On Christmas morning, sometimes gifts would come from “Santa” but it was always as a let’s-pretend kind of thing. We were always up front that the presents were coming from us or other family members.

Similar approach to the Easter Bunny and Tooth Fairy. Our thinking was long the lines of the OP: If we teach our kids that God is real, and Santa is real, and the EB is real, what happens when they turn 9 and learn that EB and Santa are not real? That immediately throws suspicion on everything else we’ve taught them.

We are saved by Jesus’ goodness (and substitutionary atonement), not our own. “Through the obedience of the one man, the many will be made righteous.” - Romans 5:19. (Loads of similar words in Paul’s letters; this was just the first one that I grabbed.)

I’m new and I’m late to the game here but quite simply, Christmas, Easter and Halloween exist ONLY because the Christians of old were basically left out of all the really cool Pagan holidays.

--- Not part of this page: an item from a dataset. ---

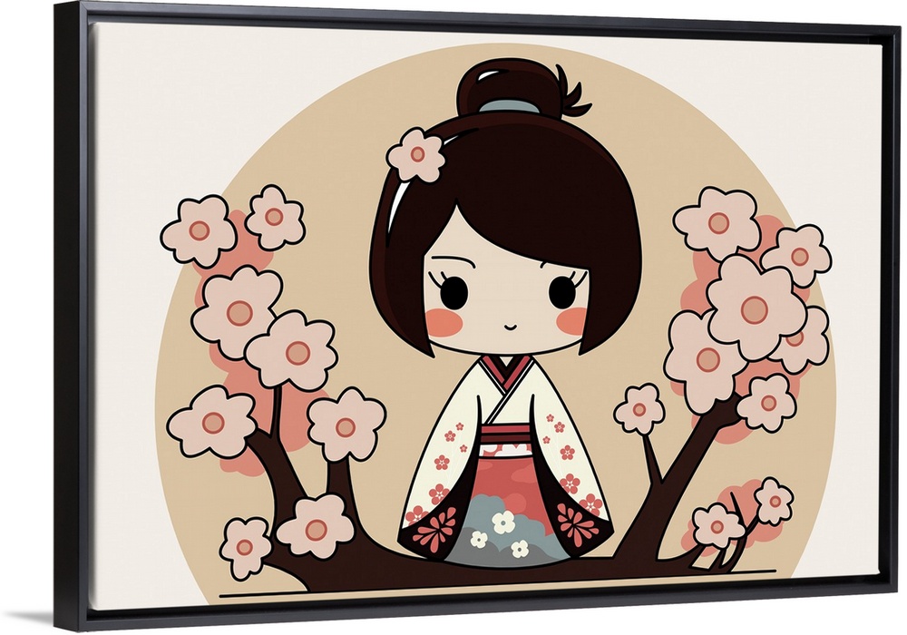 <p>Japanese chibi female character with traditional kimono. Sakura flowers, hanami background. Originally a vector illustration.</p>

Sooooooo, in order to participate in what would be normal, healthy interaction with other humans, they changed things up a bit so that they could play too. It has only gotten worse since then. Now, all the banksters have figured out what a watershed opportunity all this stupidity is financially. $$$ Always about the dollar nowadays! I could go on but I’d probably be banned or at the very least, scolded firmly and publicly. :stuck_out_tongue:

That’s not Christians, that’s Wall Street :smiley:

Yeah, but the sourpusses cut out all the *really *fun ones. If only we could still have Bacchanalias…

Yes, more or less. Look, they picked the date of Christ’s birth based upon numerology and other dates given. But for the first millennium or so, it was a minor holiday, if at all. The date was not picked to compete with Sol Invictus or Saturnalia, and by the time Christmas began to be really celebrated, those were long ago notes in history books.

That being said Christmas certainly absorbed many folk or pagan trappings- Yule, mistletoe, and the like.

Christmas is basically a secular holiday. Until just recently, it wasnt really much of a religious holiday for hardly anyone.

Not at all. Christianity has precious little to do with it. Christmas is a hijack of the winter solstice, Easter is one of the spring equinox, and Halloween is half-way between the autumn equinox and the winter solstice. All of which have been celebrated since time immemorial. May Day is half-way between the spring equinox and the summer solstice too.

And because… toys!

On this issue it is.
*toys!

Never been to Mardi Gras or St. Pat’s day?

You might have a point regarding Christmas. Your others are pretty wide of the mark.

Easter is based on an event (Resurrection) that is perceived to be real that is further based on an event (Passover) that is perceived to be real. Given that the events are both movable feasts that do not occur on the equinox and that wander all over the calendar and further noting that the “Spring” nature of the celebrations generally only make sense in Northern Europe, far from their actual locations of origin. I think you are reaching.

Hallowe’en has similar issues. All Saints Day actually began in the Spring, then it may well have moved to Autumn to be closer to Samhain, (although I have never seen evidence that that was the case), but actual Hallowe’en only picked up in the Celtic countries of the furthest Northwest Europe long after Samhain had been forgotten by all but scholars and did not actually become the current festival until it was imported to the U.S. Too much of Europe has no such tradition to justify a “Christians just borrowed pagan celebrations” claim.

ETA: ZombieFatTongue did not really get it right, of course. There is no question that Christianity has “baptized” the rites of any number of pagan celebrations, but the idea that all the Christian feasts are merely renamed pagan feasts is a simplistic claim that misses the nuance surrounding many human endeavors. (If we are going for a fall equinox feast, for example, the September 25 feast of St Michael was celebrated with a week of feasting in parts of Europe for many years.)